The nature of surface functional groups was investigated using FTIR spectroscopy. FTIR analysis confirmed successful amine functionalization and FA conjugation to VACNTs. The spectrum of the FA-NH2-CNTs can be seen in Fig. 3(a). Bare CNTs displayed no significant peak due to the high transmittance of π -electron structure of symmetric carbons in comparison with functionalized nanotubes (not shown in the figure). A weak band corresponding to the characteristic aromatic rings is visible at ~1600 cm-1 (C=C stretching)[35]. The weak C-H stretching and bending modes are due to defects in the bare CNTs structure. NH2-CNTs trace shows C-H symmetric and antisymmetric stretching modes at 2856 and 2926 cm-1, C-N stretching modes in the range of 1050-1400 cm-1, and the N-H bending mode at 1635 cm-1, which are strong evidence of the VACNTs functionalization by primary amine groups[36]. The broaden O-H stretch, known to be the dominant feature in the range of 3000-3500 cm-1, covers the primary amine band (N-H stretch). The FTIR spectrum of FA-NH2-CNTs displays all the characteristic bands of NH2-CNTs. Presence of two peaks at 1530 and 1590 cm-1, corresponding to formation of amide bonds (N-H amide band II) between the amino group of NH2-CNTs and the carboxyl group of FA[37, 38, 39, 40]. Furthermore, the intensified peak at 1400 cm-1corresponds to the aromatic ring stretch of the pteridine ring and ρ -amino benzoic acid moieties of FA, which is another indication for successful formation of FA-NH2-CNTs[36, 41].

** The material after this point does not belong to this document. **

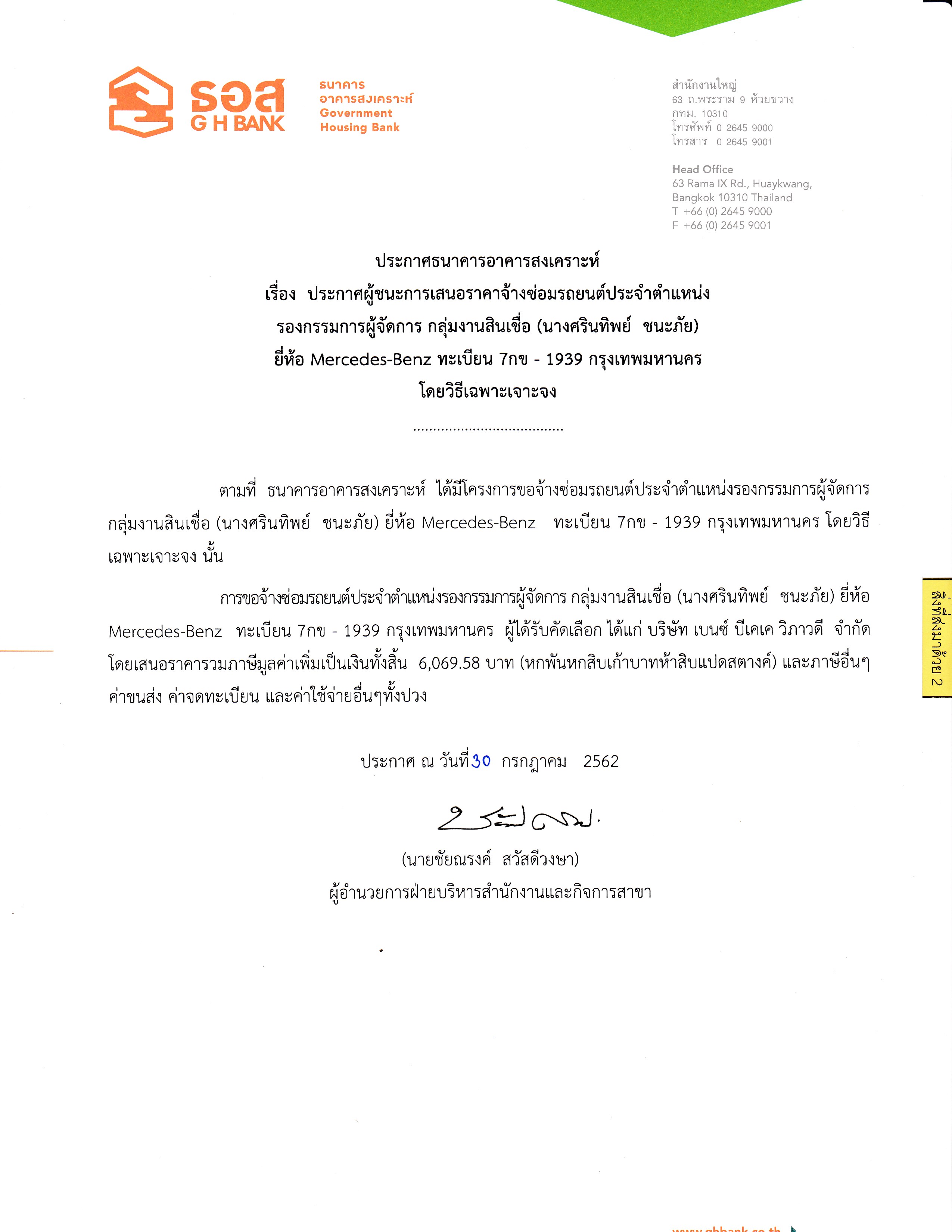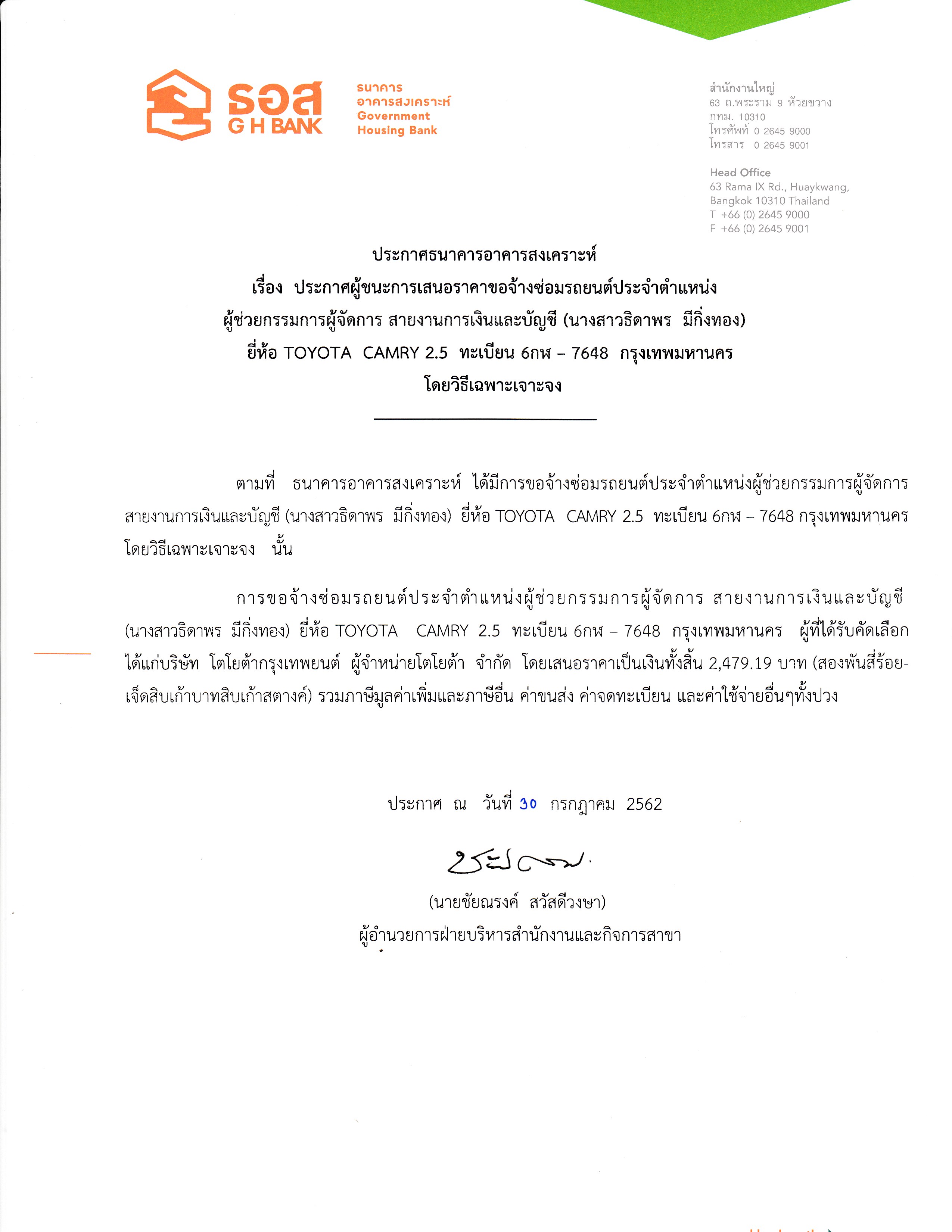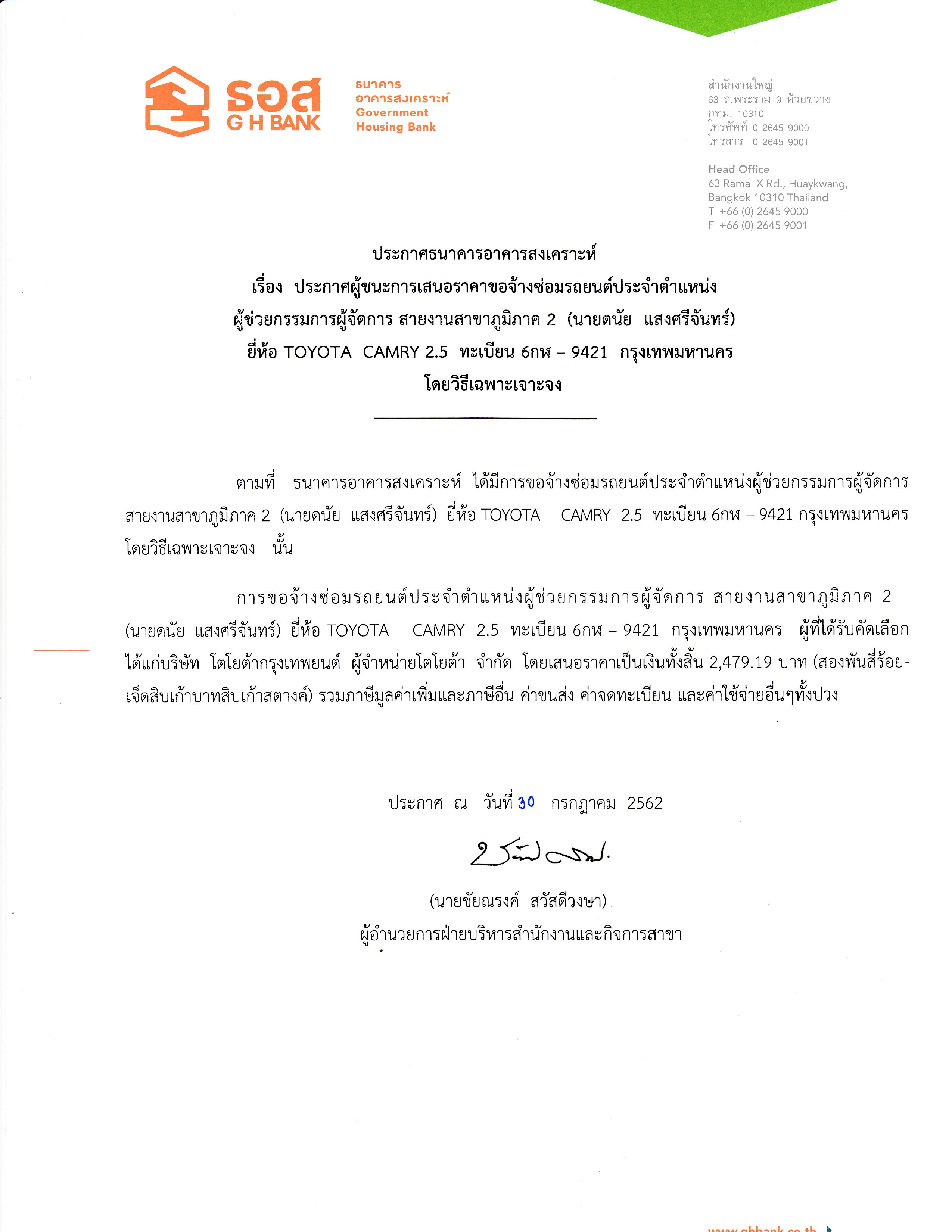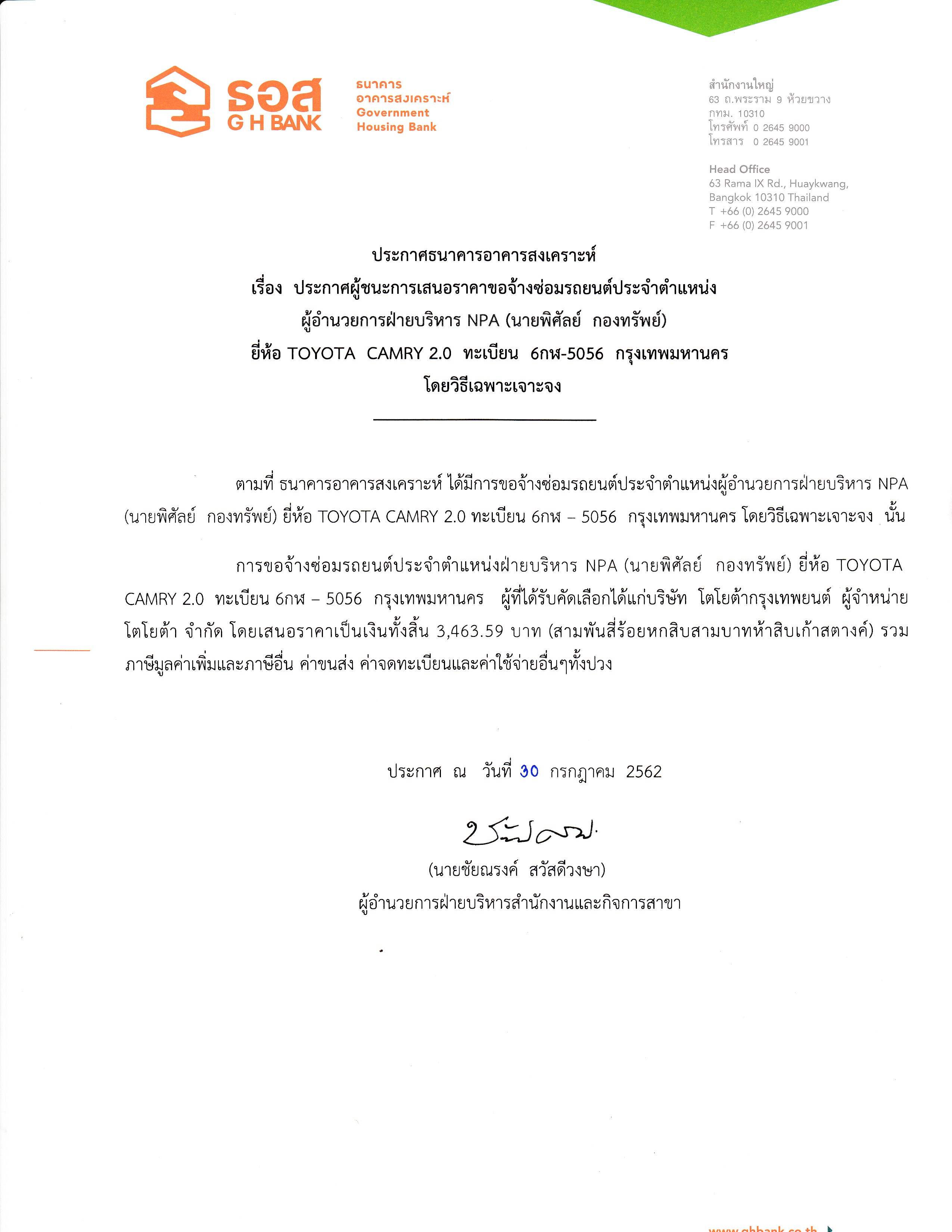 ประกาศผู้ชนะการเสนอราคาซ่อมรถยนต์ประจำตำแหน่ง (คุณพิศัลย์ กองทรัพย์)

Fig. 3. (a) FTIR spectra of bare CNTs, NH2-CNTs and FA-NH2-CNTs. Additional N-H amide bend between 1500 and 1640 cm-1 is the main change induced in FTIR diagram of CNT after FA functionalization. No observable N-H bonds were measured in bare CNTs. (b) TEM images of (b1) bare and (b2 and b3) FA conjugated to the nanotubes. The trace of FA agents on the wall of CNTs is distinguishable based on their different gray color.

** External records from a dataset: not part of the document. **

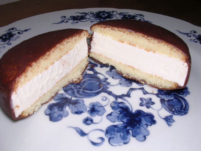 | Two cookie-biscuits with ice cream and whipped cream in between, all covered in milk chocolate |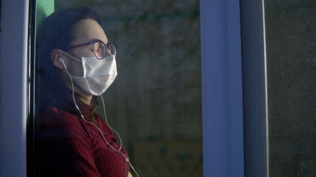 A young woman is sitting at home in quarantine with headphones in her ears. A girl sits on a window sill in a mask and listens to music. View behind the glass.
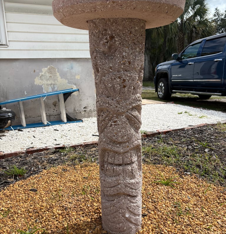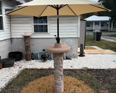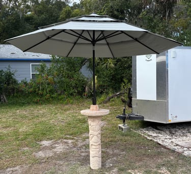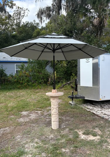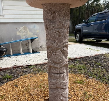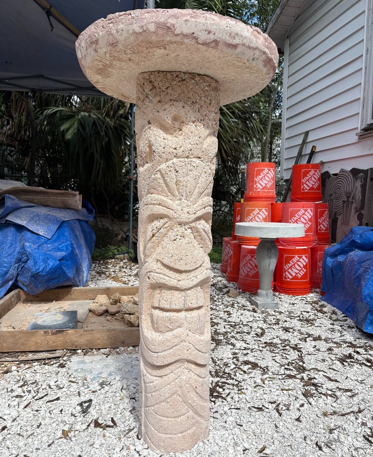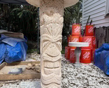 What started as a simple concrete tiki evolved through experimentation and obsession. We swapped traditional aggregates for 100% crushed coquina rock, refining every batch until we achieved a material that looks and feels like true coquina — not imitation, but evolution. Each tiki is precast in durable rubber molds, allowing subtle variations that make no two pieces identical. The result: a natural coral-shell finish with unbeatable durability and unmistakable coastal texture.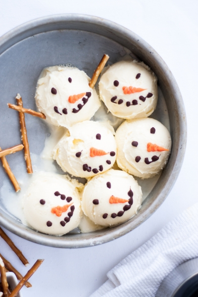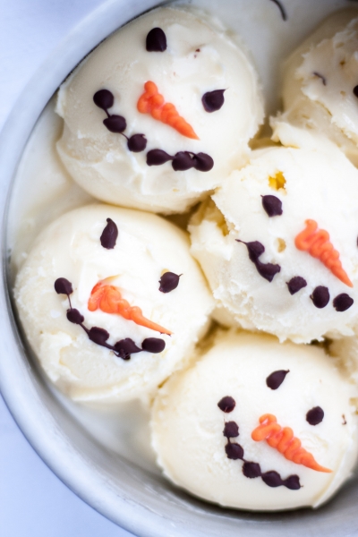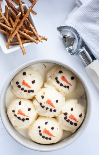 Scoop out ice cream into balls onto a cookie sheet or plate. Freeze until firm, at least 30 minutes. Pipe on snowmen faces: two eyes, dotted smile and a carrot nose. Place ice cream balls back in the freezer; freeze until firm, preferably overnight.

TEM images of the bare CNTs (Fig. 3(b1)) are mostly identical for all obtained materials. After functionalizing NH2-VACNTs with FA in PBS pH 7.5 (Fig. 3(b2)), the product was washed with water to remove unreacted FA and then dried at room temperature. FA as a surface active biological substance was well dispersed under physiological pH ~ 7.5 due to its surface charge density[42]. After being dried, it would agglomerate onto the surface of CNTs. It is clearly observed from Fig. 3(b3) that large quantities of FA agglomerates were conjugated on the CNTs surface and even shielded their interior structures, which indicated the great binding affinity of FA to carbon sheets[40, 43, 44]. The functionalization with FA was based on the reaction with sidewalls. Nevertheless, the functionalization with these compounds did not introduce any defects beyond those already existing on the structure of the CNTs. The length and diameter of these materials were not influenced by the functionalization process. All examined CNTs were multi-walled carbon nanotubes of high purity with Ni filled internal channel.

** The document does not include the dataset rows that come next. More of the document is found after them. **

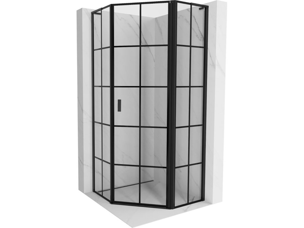 Specifikace produktu: Rozměr: 100x100 cm (pravé dveře 100 cm, stěna 100 cm) Výška: 200 cm Strana montáže: Pravá Vchod: Dveře s výklopnými křídly Barva skla: Černá mřížka Povrchová úprava: Černá Profil: Hliník Úhlový stabilizátor L: Nerezová ocel Typ skla: Tvrzené Tloušťka skla: 6 mm Povrchová úprava pro snadné čištění Nastavitelná šířka Možnost instalace na sprchovou vaničku nebo dlaždice Mechanismus pro zvedání a spouštění dveří Magnetický proužek a elastomerové těsnění pro odtok vody Hliníkový práh těsnění dveříDoplňkové parametry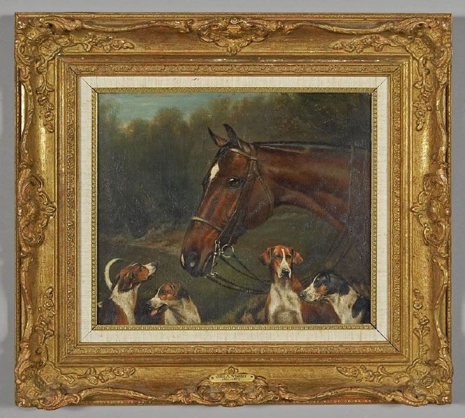 | depicting the profile of a horse and hunting dogs | |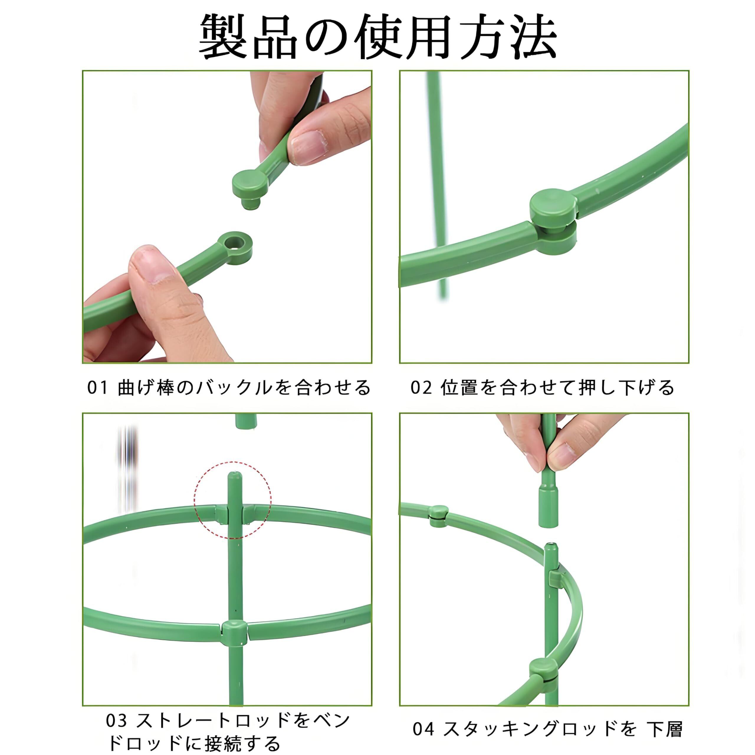 1.【独特なデザイン】土に刺しやすいように底が尖いと設計され、植物の高さに合わせて、支柱は土に差し込む長さを調節できます。業界での全新デザインで出発!T型の支柱形態は、植物を幼い時期から成熟する時期まで介護して、在来製品より植物の発育調子をもっとうまく把握することができる。それに独特な誘引装置のご使用に伴って、たとえ素人の君であっても、栽培達人の道に向かうことになるでしょう! 2.【シンプルな和風デザイン、自然の美しさとの融合】このフラワーケアスタンドは、シンプルな和風デザインと滑らかなラインが特徴で、お庭やバルコニーに溶け込み、自然の美しさを引き立てます。 シンプルで飽きのこないデザインで、植木鉢を安定的に支え、観賞価値を高める装飾品としてもお使いいただけます。 3.【スナップスプライシング、柔軟で多用途】スナップスプライシングデザインを採用し、組み立てと分解が簡単で、複雑なツールは必要なく、便利で迅速です。 支柱の高さと角度は植物のサイズと形状に応じて自由に調整でき、植物を最適にサポートします。組み合わせて使用でき、農作物の面積に合わせて自由に選びます。分解して組み立てる必要はありません。ほとんどの茎が入るのに適しており、シングルステークのリングは植物を十分に支えることができますが、その成長を妨げることなくそれに十分なスペースを与えます。 4.【多用途】フルーツ・フラワーズ・ベジタブルのさまざまな種類の植物に対応できます。バラ、トマト、ユリ、牡丹および細い茎を持つ他の多くの植物に適しています。トマト、アジサイ、蘭、バラなどの屋内の鉢植えの植物。葉物植物の形をより魅力的にすることもできます。 5.【自然な観葉支柱】緑の滑らかな表面により、自然に植物に溶け込むことができます。植物の造形に適用します、植物をまっすぐ健康に成長させるために支え、枝やつるが広がったり落ちたりするのを防ぐことができる植物支柱です、植物の枝が横に伸びて、見栄えが悪くなったり、多くの場所をとったりするのを防ぎます。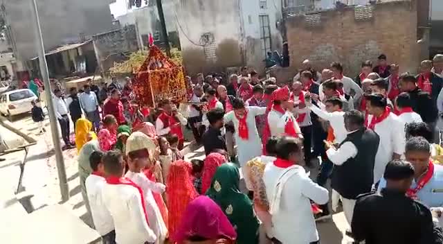 नावां: नावां उपखंड के ग्राम मारोठ में विश्वकर्मा जयंती पर शोभा यात्रा निकाली गई मुख्य मार्गो से होती हुई मंदिर परिसर पहुंची

3.1.1. Raman spectroscopy of VACNT array

The Raman spectrum of MWCNTs and functionalized CNTs by amine groups shown inFig. 4 presented a D-band (disordered) and a tangential band (graphitic) at 1343 cm-1 and 1578 cm-1, respectively. The D band was reported to be normally located around 1348 cm-1 and the G-band at around 1564 cm-1[29]. The exact location of the band strongly correlates with crystallinity of the nanotubes, as the intensity of the D band increases by decreasing the level of crystallinity of the nanostructure. The crystallinity of carbon nanotubes is determined by comparing the disordered (D) and the graphitic (G) bands. So, the higher ratio (ID/IG) would lead to a less crystalline structure. In our samples, as seen from Raman spectroscopy, such ratio was less than 1, indicating the great physical and crystalline properties of the nanotubes. Also functionalization did not induce any perturbation in crystalline structure of the nanotubes.

Fig. 4. (a) Raman spectra of VACNT grown by DC-PECVD system. The D and G bands located at 1343 cm-1 and 1578 cm-1, respectively. The intensity of G bands is higher than D ones, which indicated the great crystalline structure of the tube. Also Raman result of functionalized nanotubes by amine groups (F-NT-NH3) showed no perturbation in crystalline structures of the tubes. (b) XPS spectrum of MWCNT and FAMWCNT structures. Presence of N1s peak corroborates the functionalization. (c) GFP tagged florescent image of cancer cell trapped on CNT arrays. The presentation of green color indicated the vital state of cancer cells after entrapment.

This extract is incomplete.